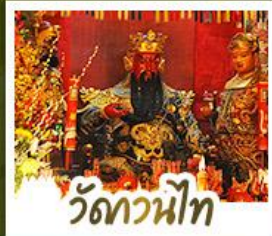
วัดกวนน้ท
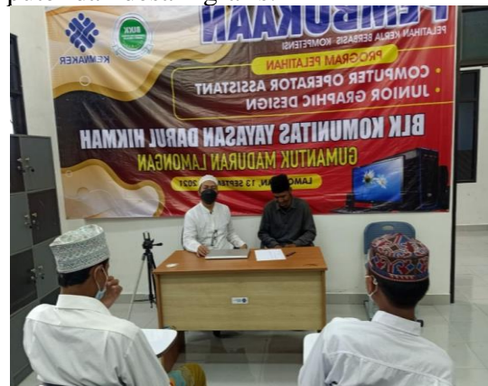
Gambar. 1 Pembukaan pelatihan oleh Kemnaker di Yayasan Darul Hikmah

pesantren dan organisasi yang berbasis keagamaan, hal ini merupakan salah satu faktor Penting dalam upaya pengurangan ketimpangan di tengah masyarakat. Upaya pemerintah ini dilakukan karena lembaga keagamaan telah mengakar kuat di tengah masyarakat terutama di wilayah perdesaan. Dari sebuah data menyebutkan bahwa terdapat sekitar 28 ribu pondok pesantren di seluruh Indonesia dengan jumlah santri lebih dari empat juta orang. Maka menurut wawancara dengan Ning Masruroh, seolah menangkap peluang tersebut, pengurus pondok pesantren Darul Hikmah desa Gumantuk, Maduran Lamongan ikut berpartisipasi dalam pengiriman Santri mengikuti kegiatan di Balai Latihan Kerja (BLK) dalam rangka pelatihan computer dan desain grafis.
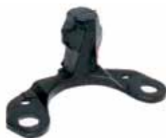
R 19 Tope Soporte Megane
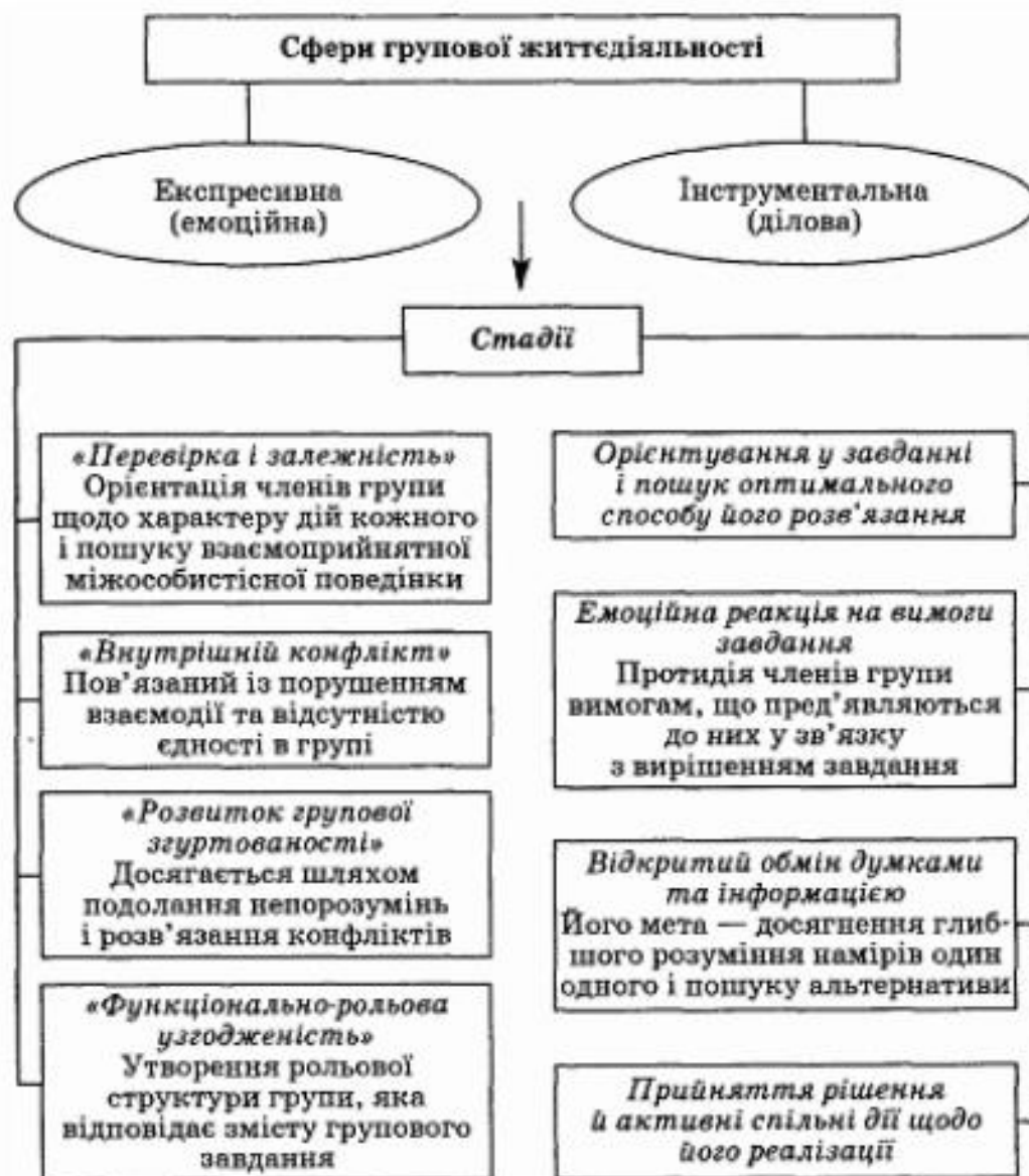
Рис. 3.1. Двовимірна модель розвитку групи (за Б. Такменом)

Обидві сфери групового розвитку, хоч і впливають одна на одну, наділені своїми внутрішніми особливостями та закономірностями. У кожній сфері існує по чотири стадії, які послідовно змінюють одна одну.
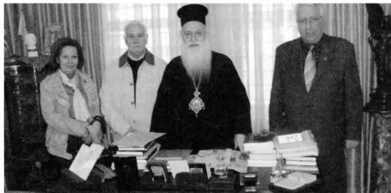
Εικόνα 1 Από την επίσκεψη του Δ.Σ. στον Σεβασμιότατο Μητροπολίτη Βεροίας, Ναούσης και Καμπανίας κ. κ. Παντελεήμονα.

━━━━━━

Copy out nothing but the lines from the beginning of the records through the one that contains "Рис. 3.1. Двовимірна". Skip the pictures.

▶ _Output of the exercise_
วัดกวนน้ท
Gambar. 1 Pembukaan pelatihan oleh Kemnaker di Yayasan Darul Hikmah

pesantren dan organisasi yang berbasis keagamaan, hal ini merupakan salah satu faktor Penting dalam upaya pengurangan ketimpangan di tengah masyarakat. Upaya pemerintah ini dilakukan karena lembaga keagamaan telah mengakar kuat di tengah masyarakat terutama di wilayah perdesaan. Dari sebuah data menyebutkan bahwa terdapat sekitar 28 ribu pondok pesantren di seluruh Indonesia dengan jumlah santri lebih dari empat juta orang. Maka menurut wawancara dengan Ning Masruroh, seolah menangkap peluang tersebut, pengurus pondok pesantren Darul Hikmah desa Gumantuk, Maduran Lamongan ikut berpartisipasi dalam pengiriman Santri mengikuti kegiatan di Balai Latihan Kerja (BLK) dalam rangka pelatihan computer dan desain grafis.
R 19 Tope Soporte Megane
Рис. 3.1. Двовимірна модель розвитку групи (за Б. Такменом)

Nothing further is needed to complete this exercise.